2) Except for Belgium
No other event has built in allegiances for everyone. I have good friends from countries here and there in the world, Argentina for instance, so I feel an emotional connection to those countries and support them usually. And then there are countries that make perfect villains, like chauvinist, fascism-inventing Italy (okay, okay… to be fair I don’t really have anything against the country itself, but goddamn are the Italian national team easy to dislike). In nearly every match it’s easy to support one team over the other, because we all have opinions about, and feelings for, be they sensible or prejudicial, most countries on the globe. Except for Belgium.

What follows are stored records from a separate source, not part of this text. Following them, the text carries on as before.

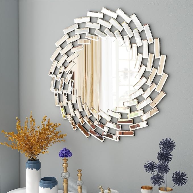This versatile wall mirror serves as both a functional piece and a stunning decorative accent. The silver finish complements a wide range of interior styles, from modern minimalist to classic elegance. The round shape softens angular spaces while the reflective surface enhances natural light and creates the illusion of more space.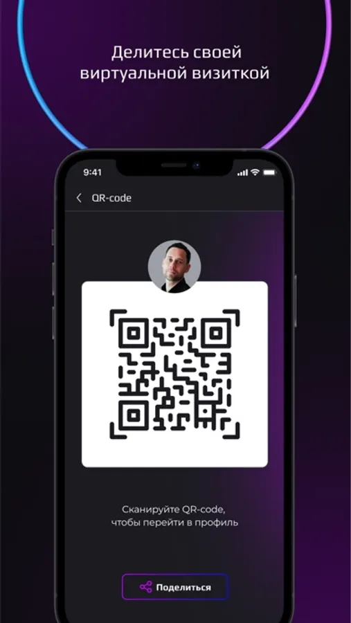 Визитка – с помощью виртуальной визитки делитесь своими контактами. Если у человека нет приложения, то он сможет открыть визитку на сайте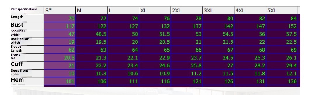 Sizes: S, L, XL, XXL, 3XL, 4XL, 5XL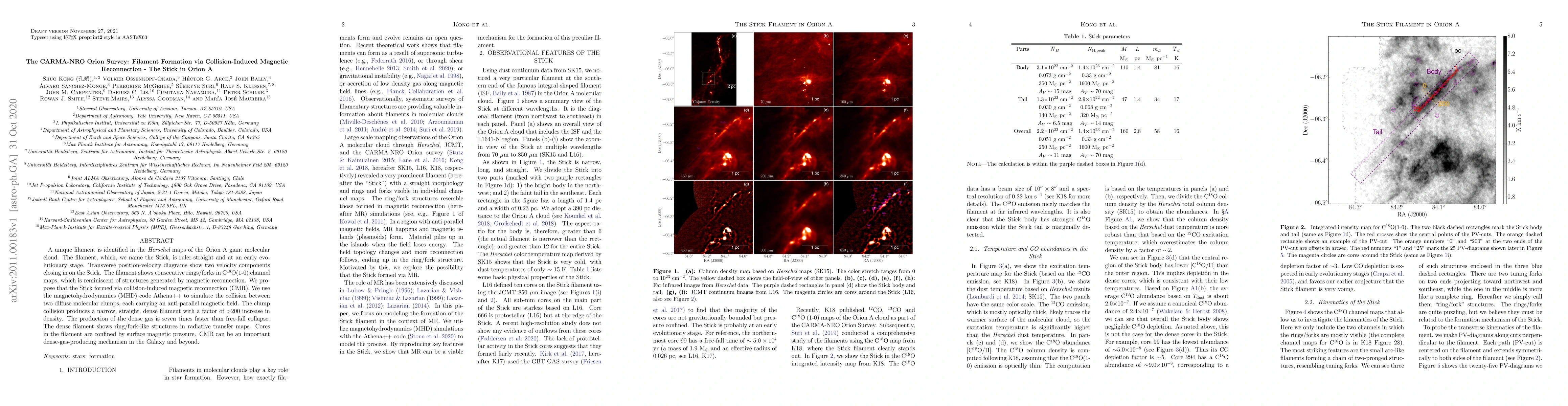The CARMA-NRO Orion Survey identifies a straight filament in Orion A, termed the Stick, formed via collision-induced magnetic reconnection. Simulations using the Athena++ MHD code confirm the rapid production of dense gas and ring/fork structures, suggesting magnetic reconnection as a significant mechanism for filament formation.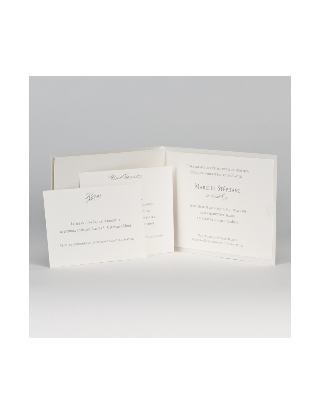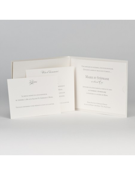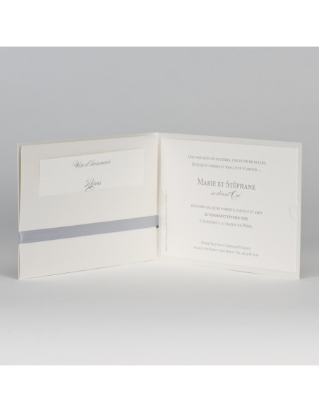 Pack Faire-part mariage pochette blanc nacré avec ruban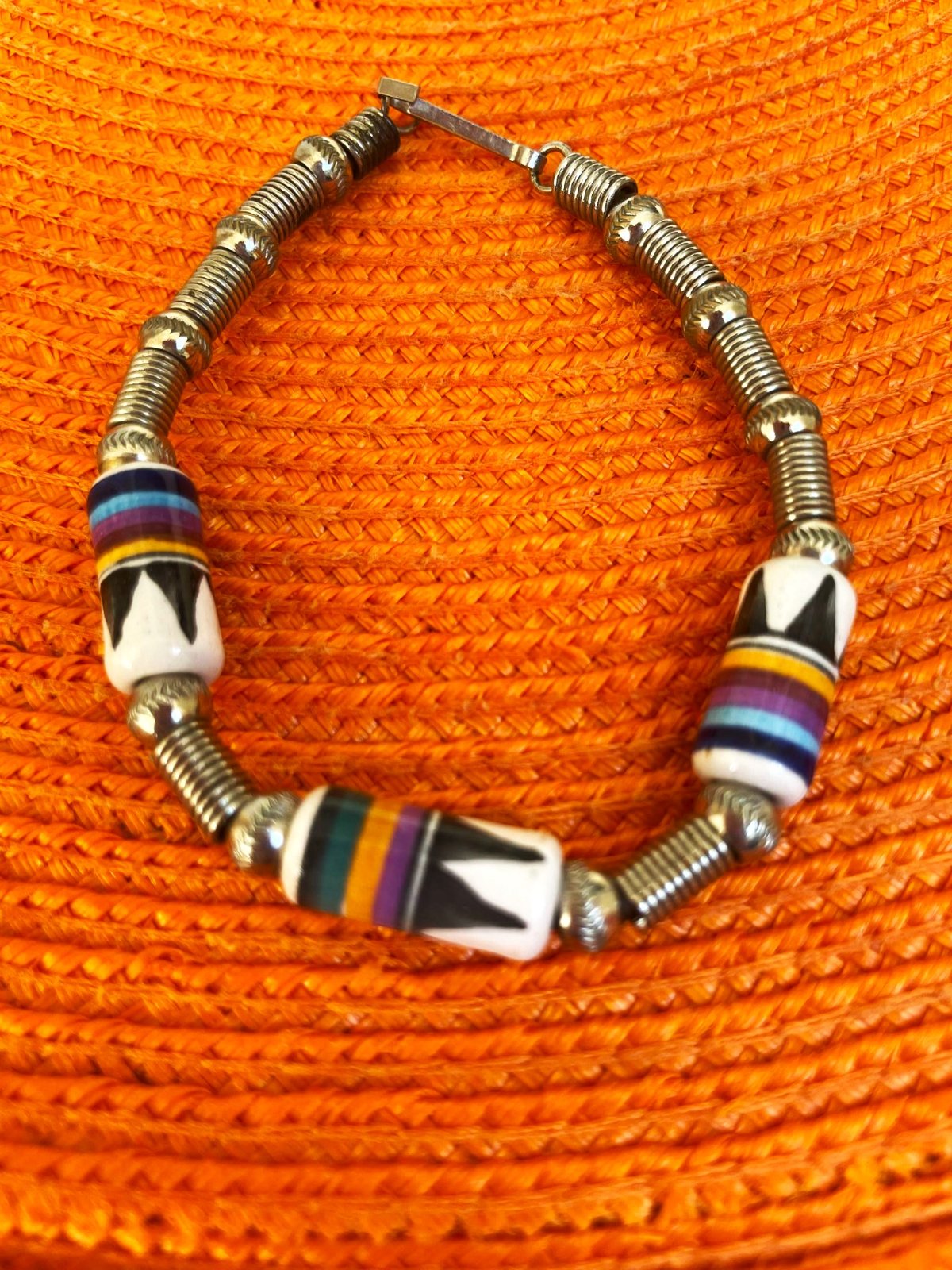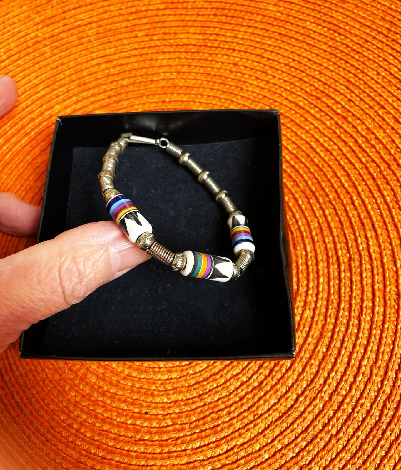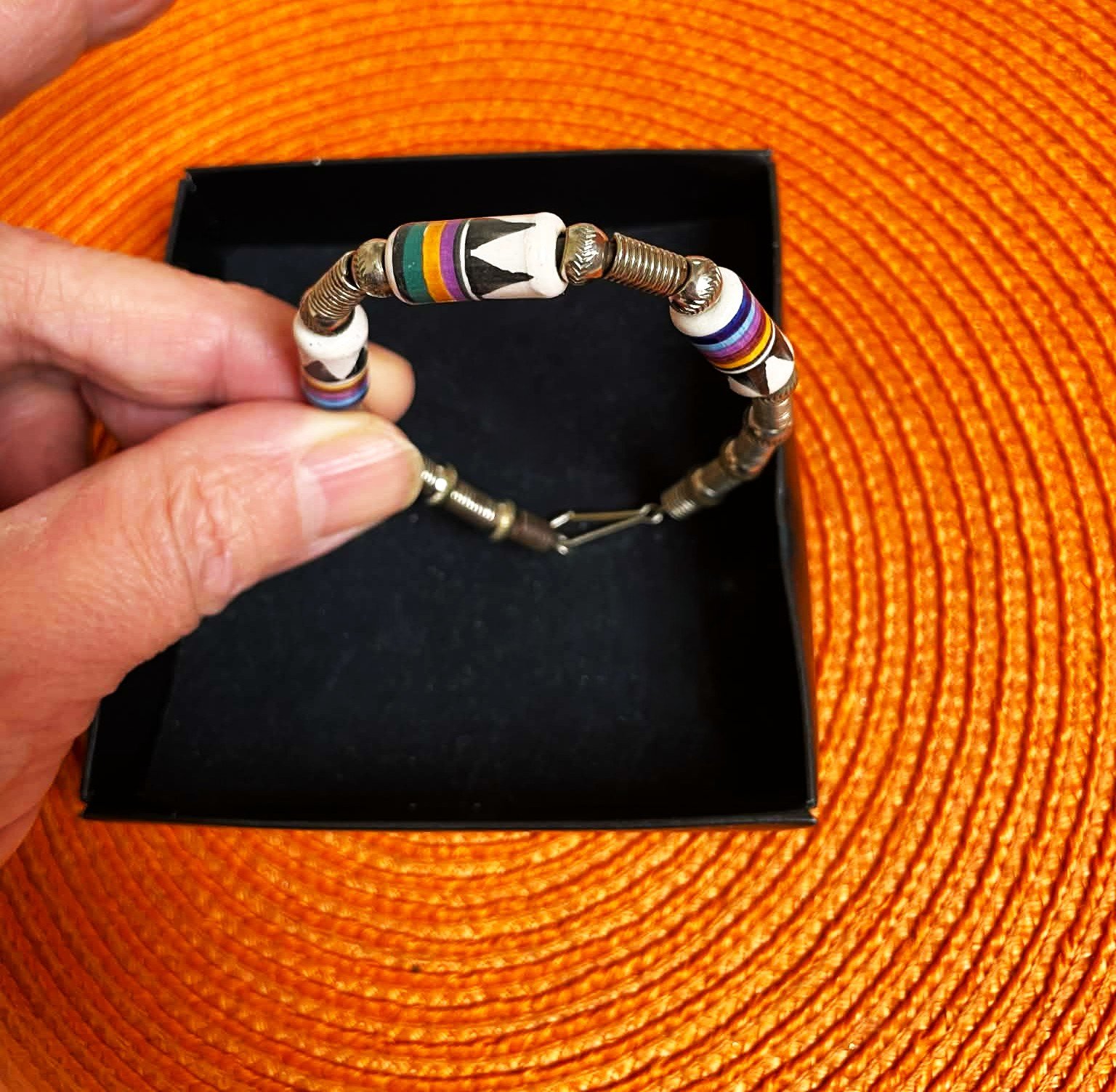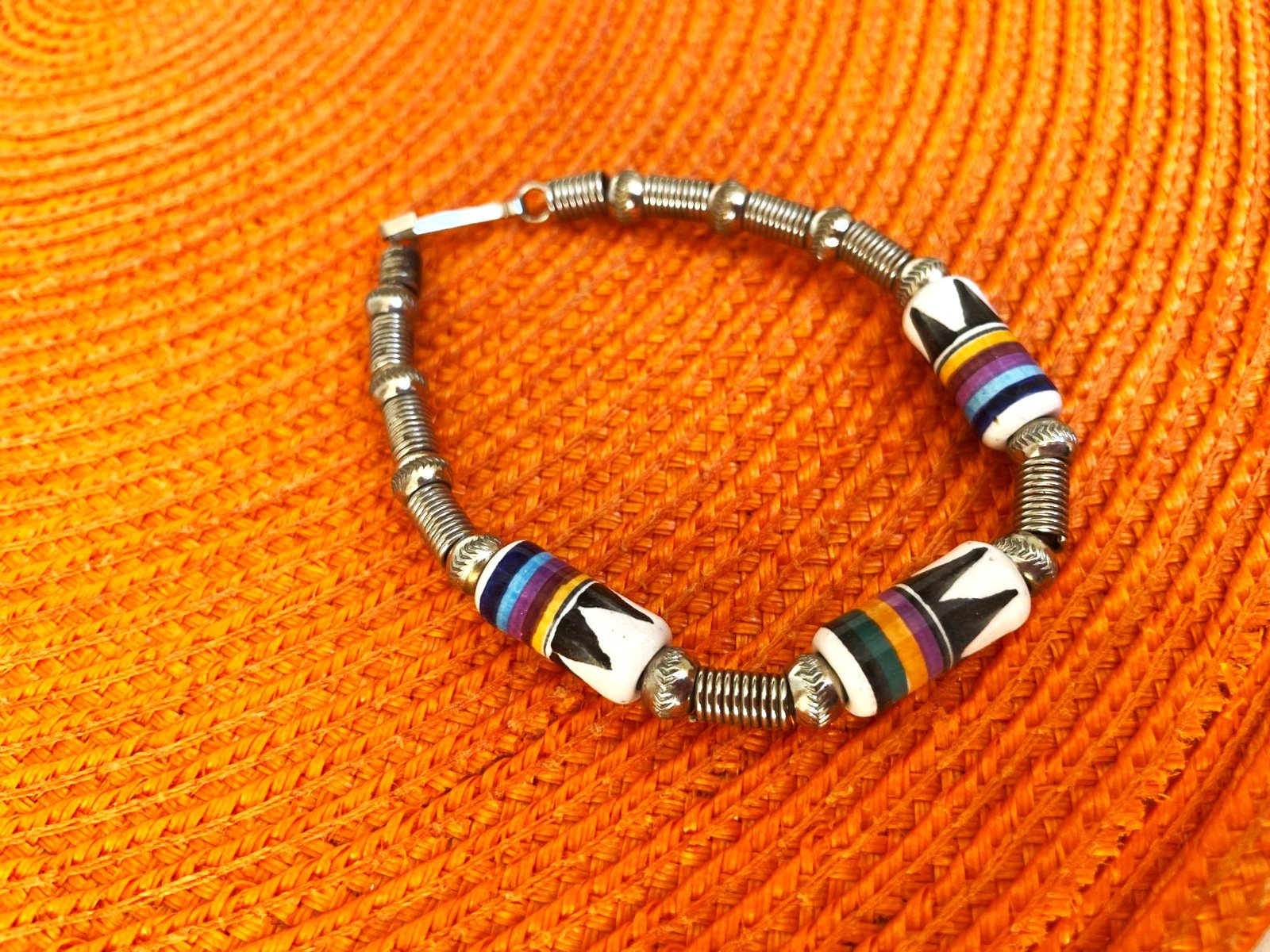 min.nosený krásny unisex náramok,zaujímavý - s keramickými korálkami,výborné zapínanie,precízne vypracovanie
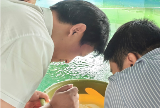 图为魏杰副教授、刘广峰专家在观察鱼苗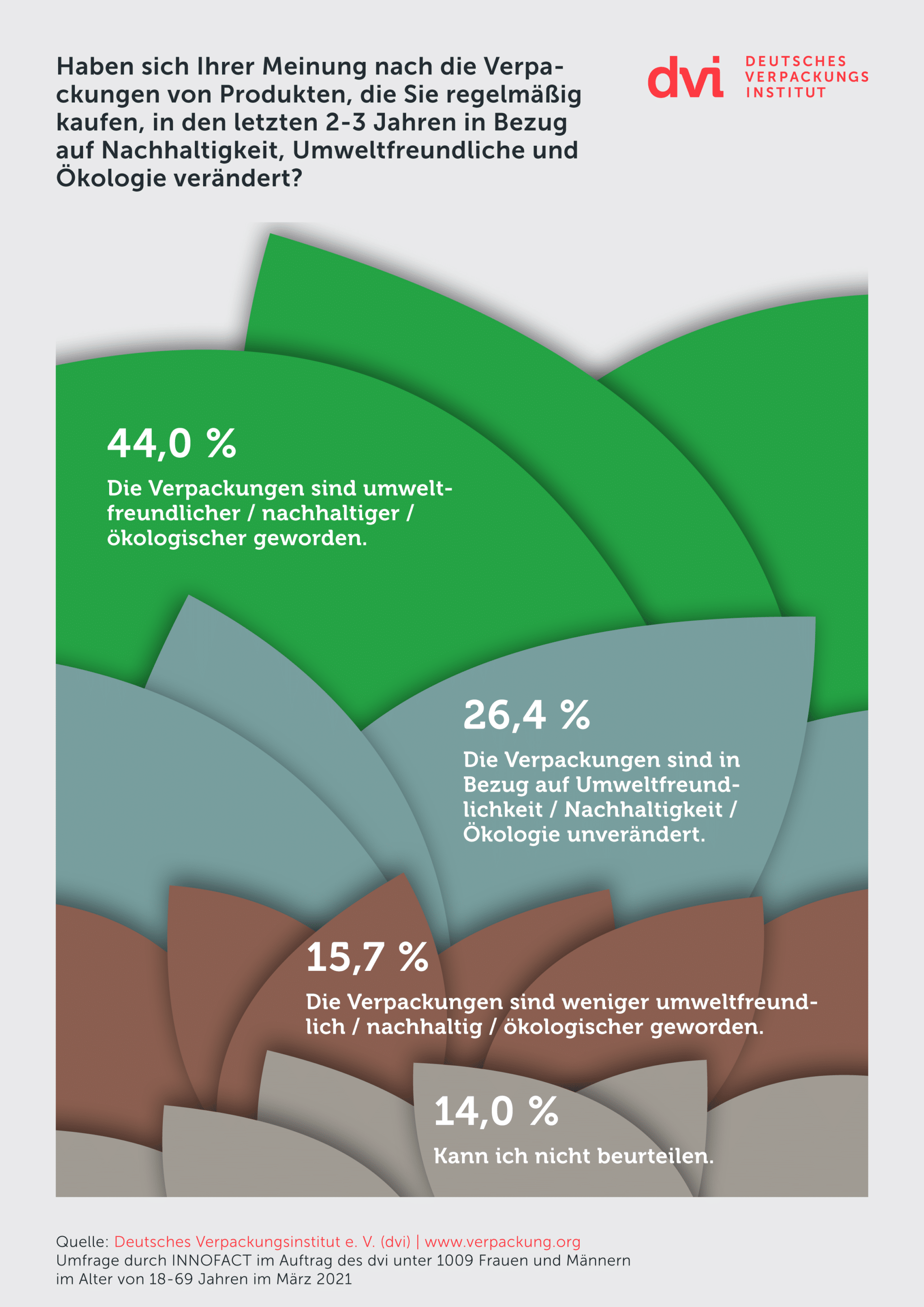 Aktuelle Ergebnisse einer repräsentativen Bevölkerungsbefragung im Auftrag des Deutschen Verpackungsinstituts e. V. (dvi) zeigen, dass die zahlreichen Innovationen der vergangenen Jahre im Bereich nachhaltiger Verpackungen bei den Verbrauchern ankommen ist. Mit 44,0 Prozent attestiert rund die Hälfte der Befragten den Verpackungen klare Fortschritte bei der Umweltfreundlichkeit, nur 15,7 Prozent sehen Rückschritte. Mit 74,6 Prozent bestätigen darüber hinaus Drei von Vier Befragten, dass diese Fortschritte ohne Abstriche oder sogar mit Fortschritten bei Funktionalität und Convenience erreicht wurden. Das dvi empfiehlt ungeachtet dessen weitere Maßnahmen zur Umsetzung der Kreislaufwirtschaft bei Verpackungen und den Einsatz von objektiven Ökobilanzen zur Bewertung von Nachhaltigkeit.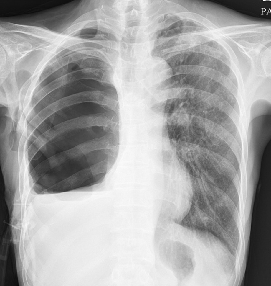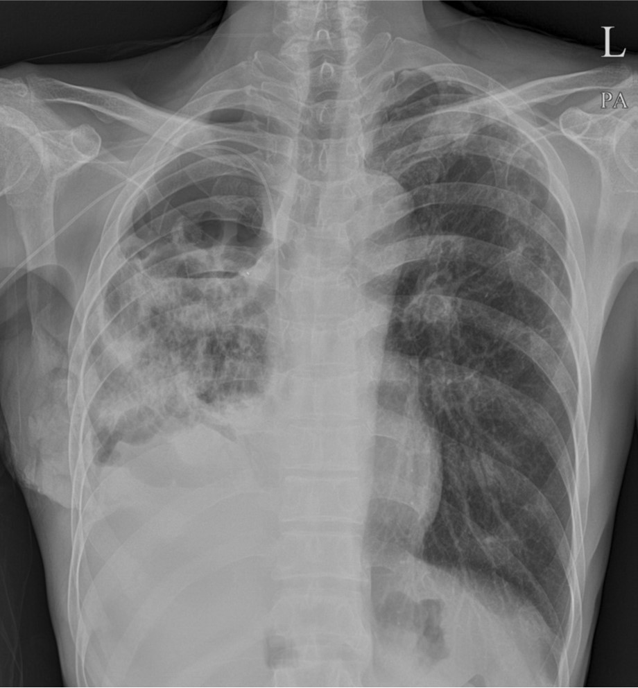 Chest radiograph after right upper lobectomy show deadspace of right thoracic cavity and multifocal consolidation at right lower lobe.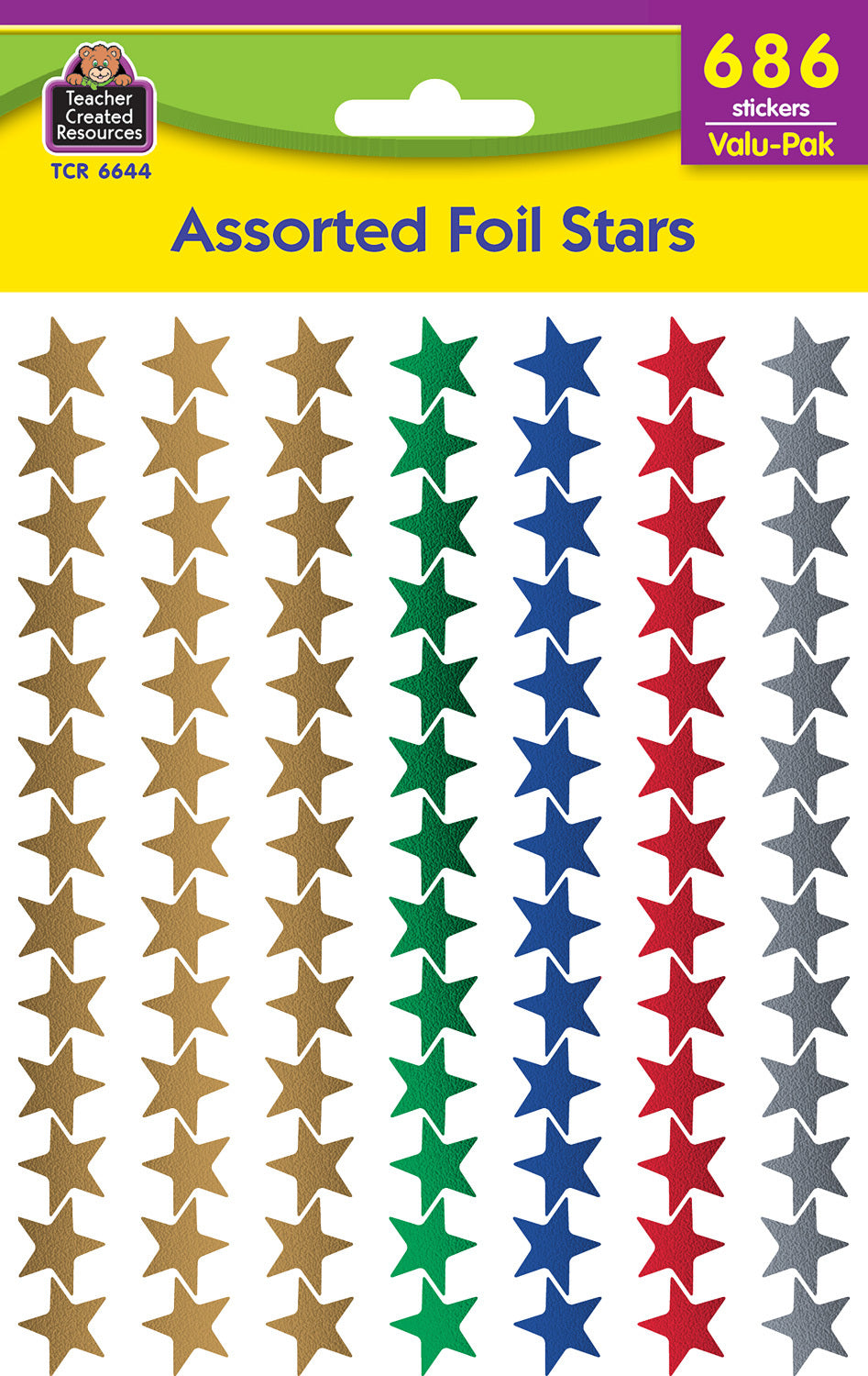 Regular price $7.99Assorted Foil Stars Stickers Valu-Pak - Get a great deal on super-sized valu-paks of stickers! Teacher Created Resources stickers are acid-free. Each sticker is approximately 1/2 inch in diameter. This Valu-Pak contains 686 stickers.

3) World Cups Can Take Us on an Emotional Journey
The average person can expect to be in good health and of sound mind through 15 World Cups in his or her lifetime. They arrive every four years and throw up enough memorable moments to stick in your mind. As When Saturday Comes pointed out, they are milestones in our lives. Of course, for us obsessives, they can themselves be important events in our lives. The winter of 1997-8 was miserable for me, I was adrift in life, and had no clue what I wanted to do with myself. But that spring something started changing. For the first time ever I started writing creatively in a regular fashion, first fiction and then later poetry. Then I fell into my obsessive ways and watched the World Cup, which paid off marvelously. My beloved French national team won. I was happy beyond reason and was lifted out of the depression I had been in for the last year. The elation lasted me through the summer and into winter and fueled me in my creative pursuits. The winter of 2005-6 was the very opposite. I was happily married, living in a lovely apartment and had an active social life. That next autumn crazy people bought the house my apartment was in (they would sneak in when they thought my wife and I weren’t home, but I caught them once) and later kicked us out. My wife and I separated in the summer of 2007 and that same summer four of my five closest friends in the city I lived in moved away. I’m not saying that France winning in the final would’ve changed anything, but having the French national team be world champions would’ve given me something to live for besides a fear of death.* I know that no World Cup will ever affect me as deeply as these two. I will never again be 17, watching my heroes triumph. I will never again watch the greatest of those heroes completely lose his shit in front of 750 million people.** Nevertheless, the other world cups I watched, 1990, 1994, 2002, all gave me thrills (South Korea getting to the semifinals) and disappointments (I still can’t believe the referee disallowed that goal Belgium scored against Brazil). The World Cup is the only event on a regular schedule that affects me like that. I know that four years from now I will be gripped by World Cup fever, the same goes for the World Cups which will happen after eight, twelve, sixteen years and so on. I will be sitting in front of a screen caring deeply which of two groups of 11 people wins. Even if of one of those two teams is Belgium.
* I kid. Mostly.
** Watching the France semi-final against Portugal, my mom said to me: “Zidane inspires such faith that I would trust him with my infant.” Today you wouldn’t give a baby to Zidane out of fear he would headbutt it into outer space.